The words of Dr. Seuss.

Pierce was pleased with the package. As usual, Kaz had done an excellent job of blending science-speak and layman's language in the top sheets of each patent. The meat of each application, however, contained the science and the diagrammed segments of the formula. These pages were written by Pierce and Larraby and had been reviewed by both researchers repeatedly.

The application package was good to go, in Pierce's opinion. He was excited. He knew floating such a patent application package into the nanoworld would bring a flood of publicity and a subsequent rise in investor interest. The plan was to show the discovery to Maurice Goddard first and lock down his investment, then submit the applications. If all went well, Goddard would realize he had a short lead and a short window of opportunity and would make a preemptive strike, signing up as the company's main funding source.

Pierce and Charlie Condon had carefully choreographed it. Goddard would be shown the discovery. He would be allowed to check it out for himself in the tunneling electron microscope. He would then have twenty-four hours to make his decision.
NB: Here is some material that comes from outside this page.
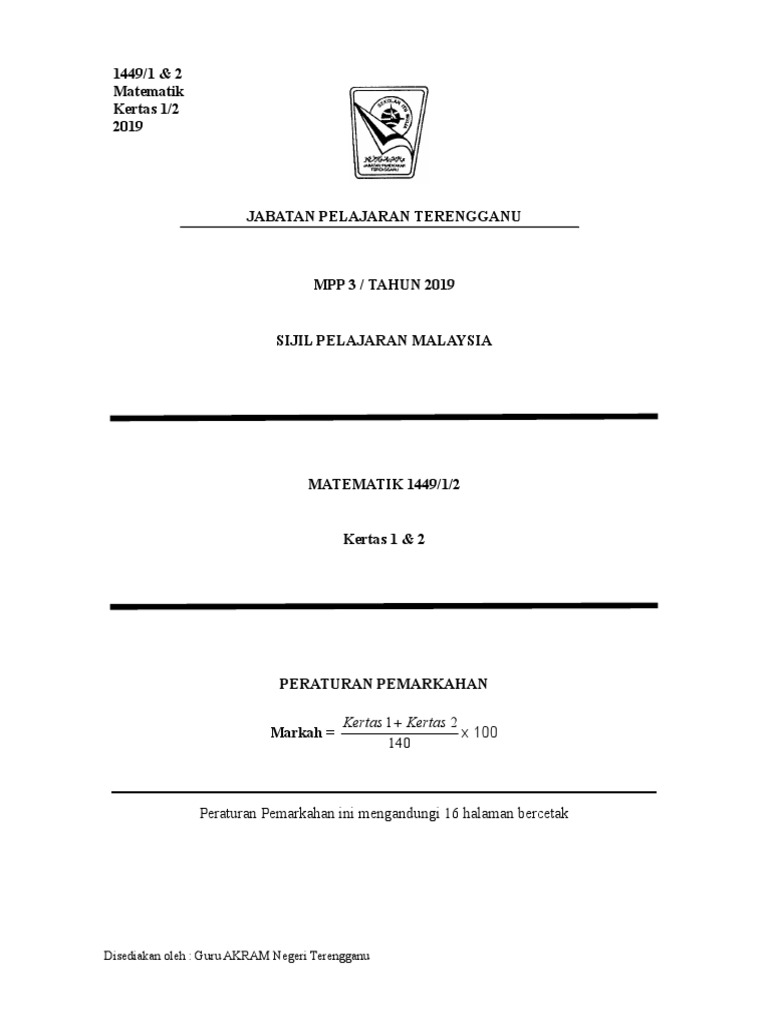 Trial Spm Terengganu Mpp3 Matematik K1 2019 Pdf

Pierce wanted a minimum of $18 million over three years. Enough to charge forward faster and further than any competitor. And he was offering 10 percent of the company in exchange.
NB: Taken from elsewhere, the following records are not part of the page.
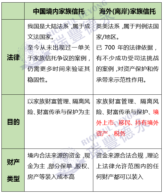此前瑞豐德永也為大家對比過中國內(nèi)地家族信托與境外家族信托的區(qū)別。境外家族信托其實除了在上述稅務(wù)籌劃方面占優(yōu)勢之外,更有法律層面、目的、裝入財產(chǎn)類型等方便優(yōu)勢,請看下表↓
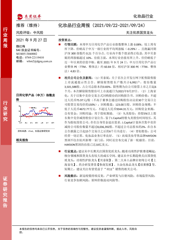 【东莞证券】【20210927】化妆品行业周报:关注优质国货龙头-8页
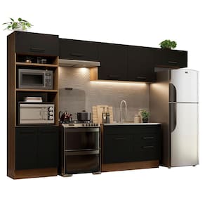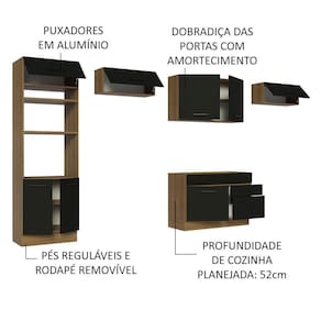 O acabamento da estrutura é no padrão amadeirado Rustic e as portas e frentes são pretas. É feito em Pintura Poliéster ecológica, com aplicação de 7 camadas de proteção resistentes a álcool, água e calor.
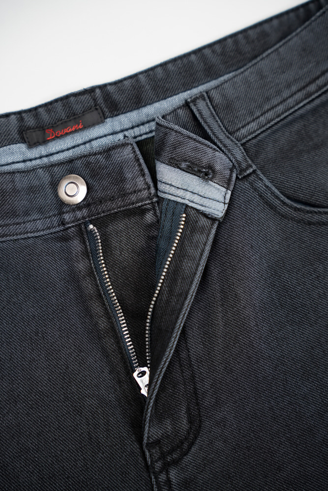 Pantaloni bărbați de culoare gri închis. Temperatura optimă de spălare este de 30 de grade.

Pierce wrote a congratulatory note to Jacob Kaz on a yellow Post-it and attached it to the cover sheet of the Proteus application package. He then locked it back in the safe. He'd have it sent by secure transport to Kaz's office in Century City in the morning. No faxes, no e-mails. Pierce might even drive it over himself.

He leaned back, threw another Oreo into his mouth and checked his watch. It was two o'clock. An hour had gone by since he had been in the office but it had seemed like only ten minutes. It felt good to have the feeling again, the vibe. He decided to capitalize on it and move into the lab to do some real work. He grabbed the rest of the cookies and got up.

"Lights."

Pierce was in the hallway pulling the door closed on the darkened office when the phone rang. It was the distinctive double ring of his private line. Pierce pushed the door back open.

"Lights."

Few people had his direct office number but one of them was Nicole. Pierce quickly moved around the desk and looked down at the caller ID screen on the phone. It said private caller and he knew it wasn't Nicole, because her cell phone and the line from the house on Amalfi were uncloaked. Pierce hesitated but then remembered that Cody Zeller had the number. He picked up the phone.

"Mr. Pierce?"

It wasn't Cody Zeller.

"Yes?"

"It's Philip Glass. You called me yesterday?"

The private investigator. Pierce had forgotten.

"Oh. Yes, yes. Thanks for calling back."

"I didn't get the message until today. What can I do for you?"

"I want to talk to you about Lilly Quinlan. She's missing. Her mother hired you a few weeks ago. From Florida."

"Yes, but I am no longer employed on that one."

Pierce remained standing behind his desk. He put his hand on top of the computer monitor as he spoke.

"I understand that. But I was wondering if I could talk to you about it. I have Vivian Quinlan's permission. You can check with her if you want. You still have her number?"

It took a long while for Glass to respond, so long that Pierce thought he may have quietly hung up.

"Mr. Glass?"

"Yes, I'm here. I'm just thinking. Can you tell me what your interest is in all of this?"